Yang paling menarik, kerusakan rata-rata di antara mereka yang memenuhi persyaratan kerupuk ternyata menjadi dua kali lipat - 1,4 juta dolar. Sebagian, ini adalah "suhu rata-rata di rumah sakit", karena perlindungan dan reservasi yang kompeten dapat menghemat secara serius. Tetapi ini adalah argumen lain untuk tidak membayar penjahat dunia maya, di samping banyak contoh pemerasan ganda, ketika mereka pertama kali meminta uang untuk mendekripsi data, dan kemudian karena tidak mendistribusikannya.

Microsoft sedang menguji enkripsi DNS menggunakan DNS-over-HTTPS. Fitur tersedia di Windows 10 Insider Preview Build 19628 .

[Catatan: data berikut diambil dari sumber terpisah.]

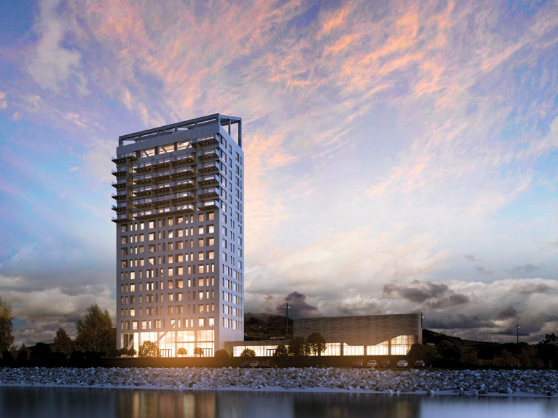 Mjøstårnet in Brumunddal, Norway, which was completed in March 2019, now holds the title of the world’s tallest all-timber building, with even its lift shafts being made from CLT. It is 85.4m high and has 18 storeys, mainly apartments with some retail and office space. All the timber was sourced locally. Architect: Voll Arkitekter. Client: AB Invest. Timber structure: Moelven Limitre. Image credit: Moelven.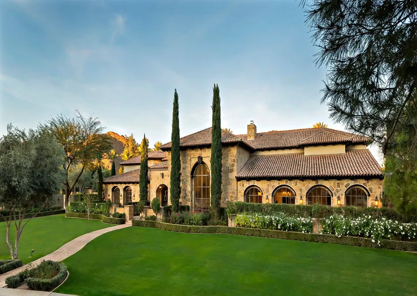 EXQUISITE! This Paradise Valley Estate represents true timeless elegance and sits on a 2+ Acre beautifully manicured landscape with views of both Camelback Mountain and Mummy Mountain. Centrally located in the exclusive enclave of La Place this world class home was constructed with the utmost of care, choosing the finest of natural finishes handcrafted to perfection. Estate comes with a well, whole house reverse osmosis water system, and generator. The home was redesigned by Mark Candelaria and FULLY REMODELED IN 2013. The home was tastefully updated to the sought after light and airy elegant style of today with subtle accents like beautiful large steel framed paned windows and French doors throughout. The flowing floor plan was created for both privacy and family enjoyment as well as for entertaining at a grander scale. The main level features a beautiful entrance, lovely bright living room, stylish large dining room, open state of the art culinary kitchen, butler's pantry, a welcoming spacious family room, full wet bar, a stunning master suite with a beautiful spa like bathroom, huge walk-in closet, lovely sitting room, workout room, indoor sport court and vast office plus a crafts studio with an additional bahroom and a large utility room. The upstairs features 4 more bedrooms with ensuite bathrooms a lovely guest suite, game room, bonus area and another separate guest suite/maid's quarter, laundry room, several balconies and terraces. The functional basement features a game room, wine room and a high-tech movie theatre. Several covered patios with views of the large pool and beautifully landscaped back yard with a brand new pickleball court partly shaded by mature trees perfectly suited for outdoor entertaining and enjoyment. Truly Quite Special!

Perwakilan Facebook membayar $ 20 ribu untuk mendeteksi bug di layanan Lanjutkan dengan Facebook. Ini memungkinkan Anda untuk masuk ke sumber daya pihak ketiga melalui akun di jejaring sosial. Peneliti Vinot Kumar menemukan bahwa Lanjutkan dengan Facebook menggunakan kode JavaScript dari server Facebook agar berfungsi, yang dapat diganti, yang memungkinkan Anda untuk membajak akun pengunjung. Kerentanan ditemukan di Page Builder

plugin untuk Wordpress. Secara teori, hingga satu juta situs web tunduk padanya, kesalahannya memungkinkan menyerang akun administrator Wordpress dengan mengeksekusi kode berbahaya di peramban.